By Wayne Koberstein, Executive Editor, Life Science Leader magazine
Follow Me On Twitter @WayneKoberstein

The Enterprisers: Life Science Leadership In Action

Steffen Mueller (L) & J. Robert Coleman

One egg per person. That is what it takes to produce a flu vaccine. The standard, predominant method has not changed in more than 70 years. What has changed dramatically, however, is the per-unit cost of goods, price, and scarcity of the product; all have risen steadily, to the point now where the old model of universal vaccination seems more antiquated than the aforementioned egg. Arguably, newer, recombinant and cell-based production technologies have only compounded the cost/supply dilemma for vaccines, without a commensurate rise in mass efficacy. What if a company had a technology that could sharply lower CoG (cost of goods) and ensure the highest possible availability and effectiveness of an influenza vaccine — even though the company were a David up against the flu-shot Goliaths?

Codagenix believes it is that company. Starting with flu, then moving on to other disease vaccinations, the tiny start-up wants to turn the entire field of action around.

It had been a long day, and the late-evening reception was dying down. I found a couch in a side area where my tired old bones could rest. Soon others joined me on the couch and nearby chairs, and I struck up a conversation with the person next to me, who turned out to be Steffen Mueller, cofounder, president, and chief scientific officer of Codagenix. Beside him was COO and cofounder J. Robert Coleman.

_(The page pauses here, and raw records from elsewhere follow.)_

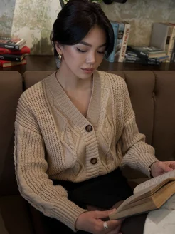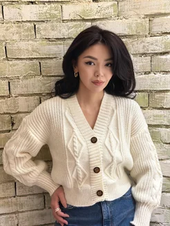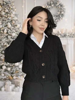 Кардиган оверсайз на пуговицах укороченный вязаный теплый
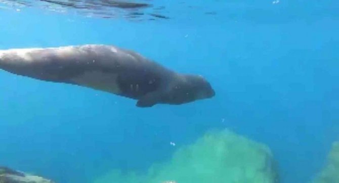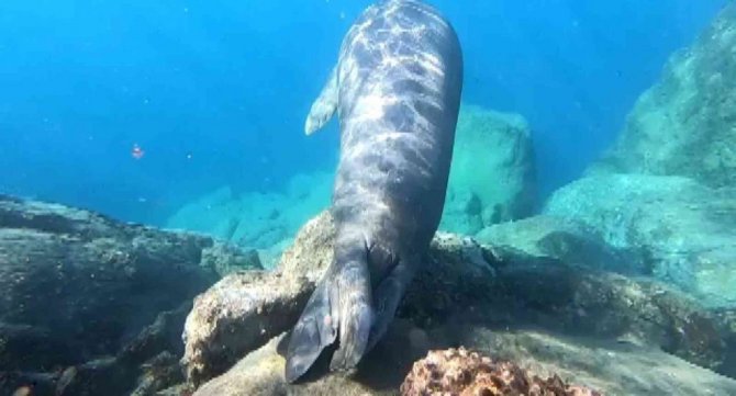 Ölü taklitti yapan Akdeniz foku görenleri şaşkına çevirdi
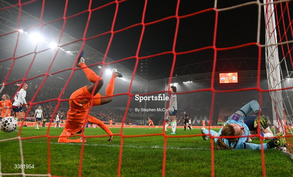 7 March 2026; Lineth Beerensteyn of Netherlands jumps over Republic of Ireland goalkeeper Courtney Brosnan after scoring her side's first goal during the 2027 FIFA Women’s World Cup Qualifier match between the Netherlands and Republic of Ireland at Stadion Galgenwaard in Utrecht, Netherlands. Photo by Stephen McCarthy/Sportsfile
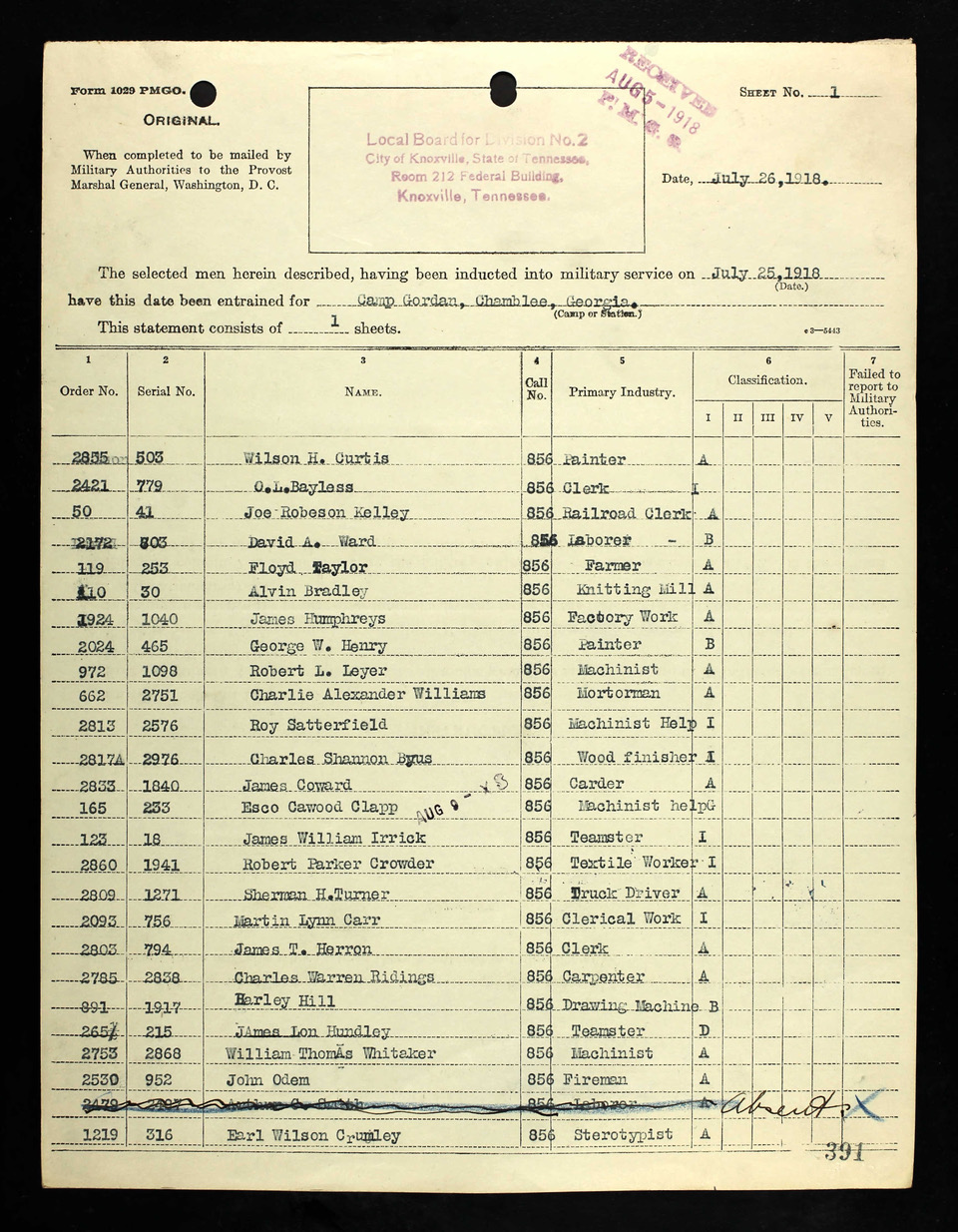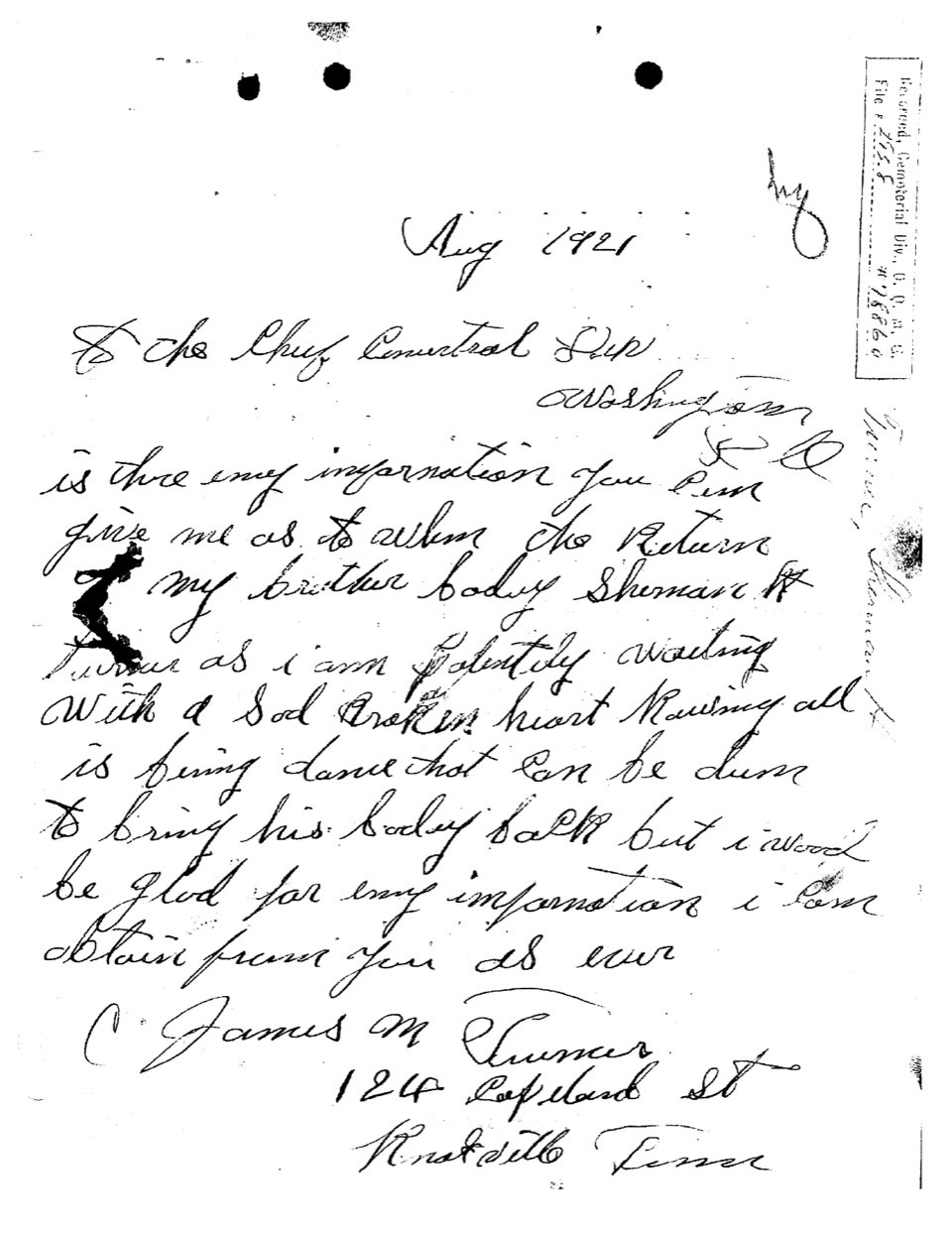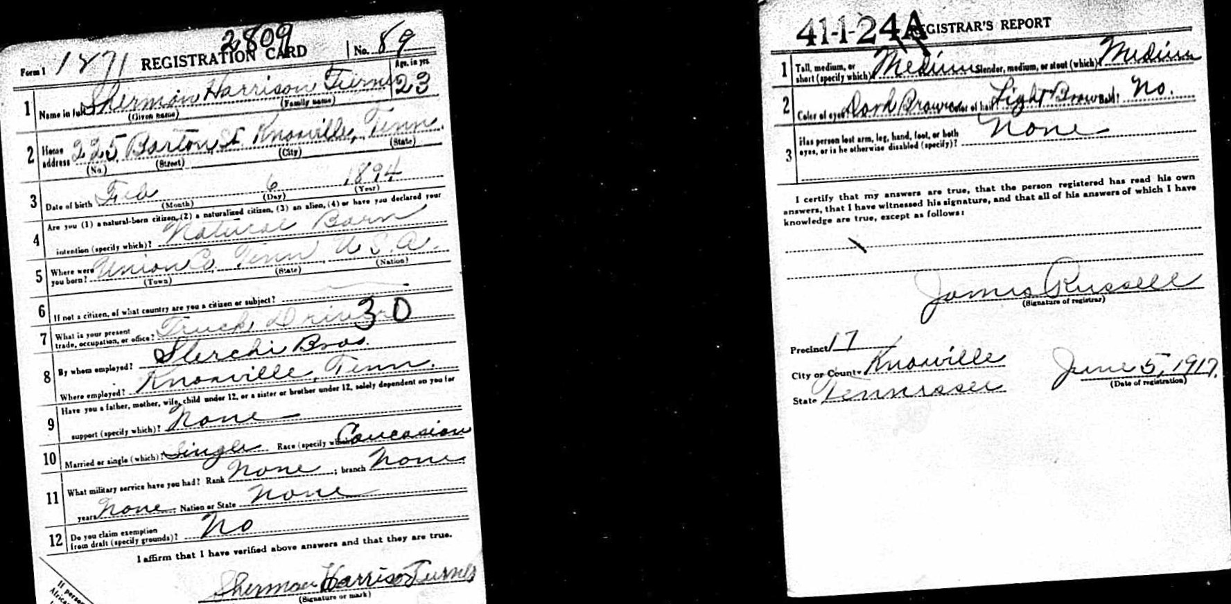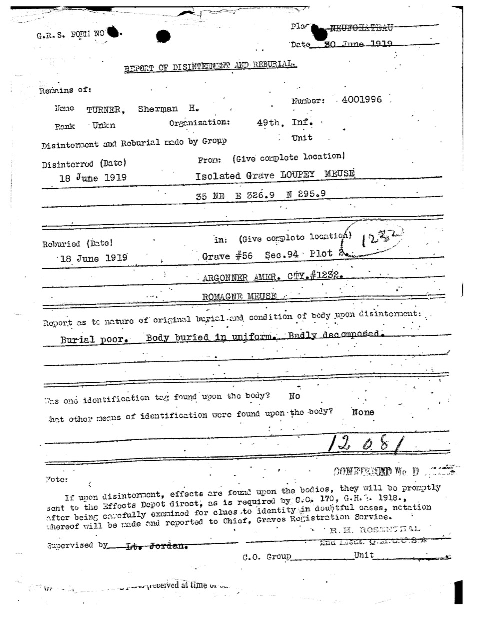 Sherman Harrison Turner was born in 1894 in Knoxville, Tennessee. He began his military career in August 1918 as a member of Company B, 49th Infantry. Later transferred to Company G, 11th Infantry. Sailed from New York for overseas duty on September 14, 1918. He was killed by an artillery shell in Louppy-sur-Loison, France along with five other soldiers, including fellow East Tennessean Henry S. Wilson on November 10, 1918, in Argonne-Meuse battle. They all died instantly.
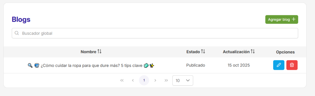 Cuando entres a la sección Blogs desde el panel de administración de Tienda Negocio, vas a ver una lista con todos tus artículos creados.

Yet, even before Mueller and I exchanged cards, we had already dived into a discussion about vaccines. Unlike most of the people around us at the time, I was alive during the great polio epidemic following World War II. I lost my older brother to the disease in 1950, later tagged along with my mother each year in the March of Dimes, and lined up with just about every other kid in the country for the first vaccine. But I was struck by how close Mueller’s views of the situation were to mine. We both expressed dismay at the drift of vaccination from a universal, public-health-driven enterprise, to a fragmented and fractious, albeit high-profit endeavor. Unlike me, however, Mueller and his company may have a solution — not just another way to make more vaccines, but a way to make them better, by many thousands-fold.

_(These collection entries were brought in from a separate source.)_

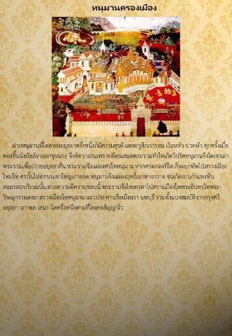 พระรำมเพื่อถวำยอยุธยำคืน พระรำมจึงแผลงศรให์หนุมำน หำกศรตกลงที่ใด ก็จะยกทัพไปสร์ำงเมือง
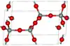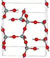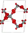Les fibres de silice présentent une structure semblable à celle du disulfure de silicium SiS2, avec des chaînes de tétraèdres partageant certaines de leurs arêtes. La stishovite, forme stable à haute pression, présente en revanche une structure de type rutile, dans laquelle les atomes de silicium sont hexacoordonnés. La masse volumique de la stishovite est de 4,287 g·cm-3, bien supérieure à celle du quartz α, qui n'est que de 2,648 g·cm-3[20]. Cette différence de masse volumique est à mettre en relation avec la variation de coordinence, car les liaisons SiO sont plus longues dans la stishovite — quatre liaisons équatoriales de 176 pm et deux liaisons polaires de 181 pm — que dans le quartz α : quatre liaisons tétraédriques de 161 pm[21].
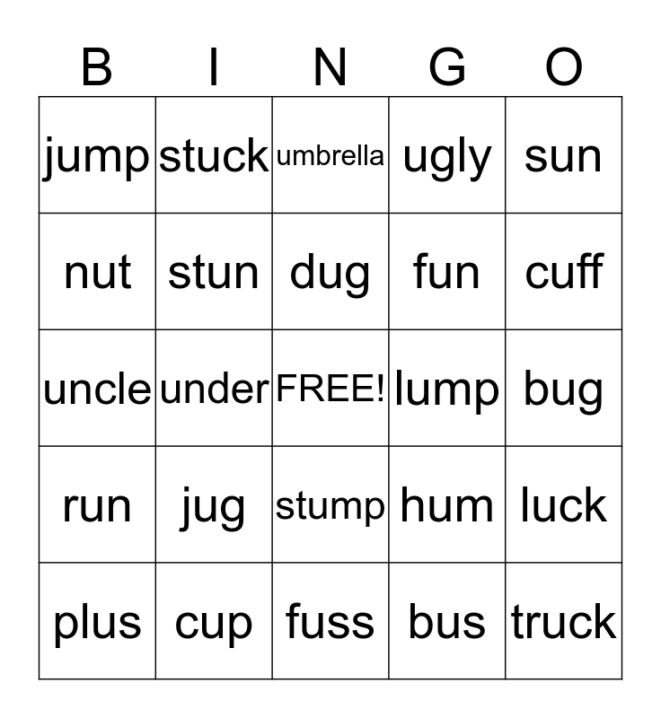 This bingo card has a free space and 24 words: jug, cup, dug, plus, sun, jump, nut, stuck, lump, stump, fun, uncle, hum, luck, stun, bus, bug, umbrella, cuff, under, truck, run, ugly and fuss.
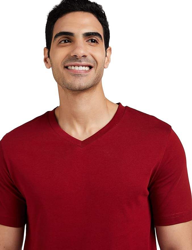 เสื้อยืดผู้ชายคอวีแขนสั้นเรียบๆคอวี
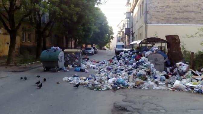 Сьогодні о 7:00 жителі міста виявили, що проїзд вулицею Шараневича неможливий через купу сміття, яка накопичилась біля сміттєвих баків.
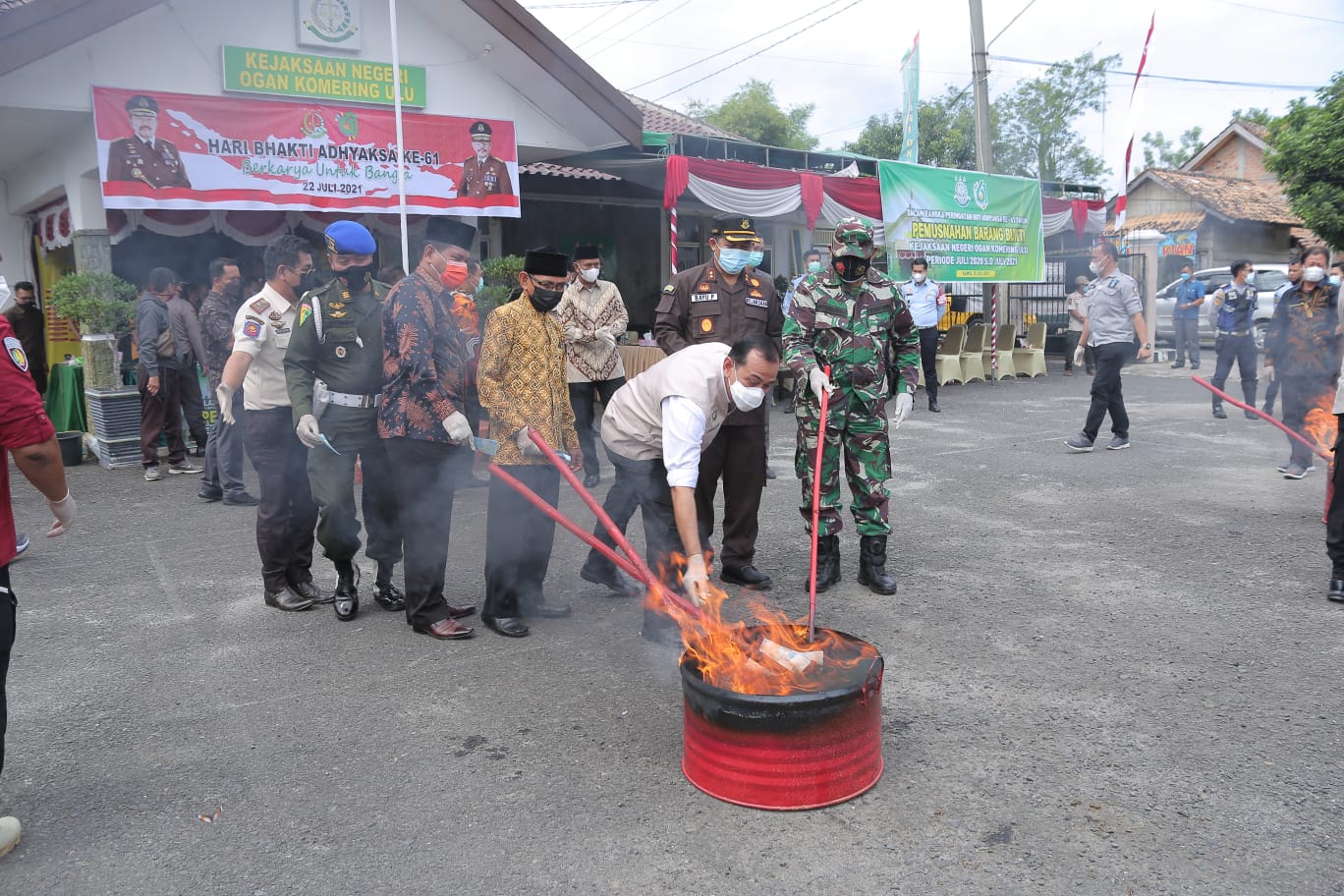 Radar Sriwijaya (OKU) – Pemusnahan Barang Bukti di Kantor Kejaksaan Negeri Kabupaten Ogan Komering Ulu (OKU) Provinsi Sumatera Selatan dalam Rangka HUT Adhyaksa Ke 61 Tahun 2021 di Halaman Kejaksaan Negeri OKU (Kamis, 15 Juli 2021).

Months later, I followed up on our chance meeting in a longer talk with Mueller and Coleman for this article. The story of their little company carries a large meaning. Any real challenge to the status quo of vaccines could only come from an obscure entity such as Codagenix. From a business standpoint, scant motivation for change exists; vaccines have become highly profitable for large companies almost in direct inverse proportion to the drop in their universality. When everything is so cozy for the establishment, the desire to shake things up may grow stronger in the outside player.

Other vaccine start-ups have also entered the field lately, such as the mucosal vaccine company Mucosis, covered recently in Companies to Watch, which only reinforces the medical need for new approaches in the space. Codagenix makes a good choice for The Enterprisers because its audacious mission, set against the high risk of development still at the preclinical stage, signifies not only a potential vaccination breakthrough, but also a significant entry into synthetic biology. Its technology is meant to replace the age-old trial-and-error method of vaccine creation by configuring the entire genetic makeup of the live attenuated virus to be mass produced. So rather than competing with other new approaches, it may actually be complementary or compatible with them.

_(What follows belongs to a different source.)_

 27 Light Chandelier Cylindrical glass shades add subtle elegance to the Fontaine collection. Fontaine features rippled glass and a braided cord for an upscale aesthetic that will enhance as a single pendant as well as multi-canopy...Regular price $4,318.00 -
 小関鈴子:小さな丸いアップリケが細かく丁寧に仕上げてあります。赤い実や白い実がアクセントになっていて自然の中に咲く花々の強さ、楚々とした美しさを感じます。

Codagenix counts on its Synthetic Attenuated Virus Engineering (SAVE) platform to transform vaccine creation into an exact science. SAVE is proprietary software for configuring live vaccines made of viruses that match the wild types in every respect except one: their ability to cause disease. With SAVE, the company synthesizes the whole genome of a virus, but with strategic changes in certain codon pairs to “de-optimize” the mechanism supporting its virulence.

The technology emerged from research headed by Eckard Wimmer at Stony Brook University. Wimmer made history, and stirred some controversy, by synthesizing the polio virus for the first time in 2002. SAVE has passed proof-of-concept studies in animals successfully and will soon face its next big test in human trials. Like so many of the novo-vaccine companies, but perhaps with stronger logic to support it, Codagenix has chosen flu as its lead vaccine target. In keeping with SAVE’s broad potential, however, the company also has pipeline programs for respiratory syncytial virus (RSV), Dengue Fever, foot and mouth disease virus (FMDV), pathogenic E. Coli, and other diseases.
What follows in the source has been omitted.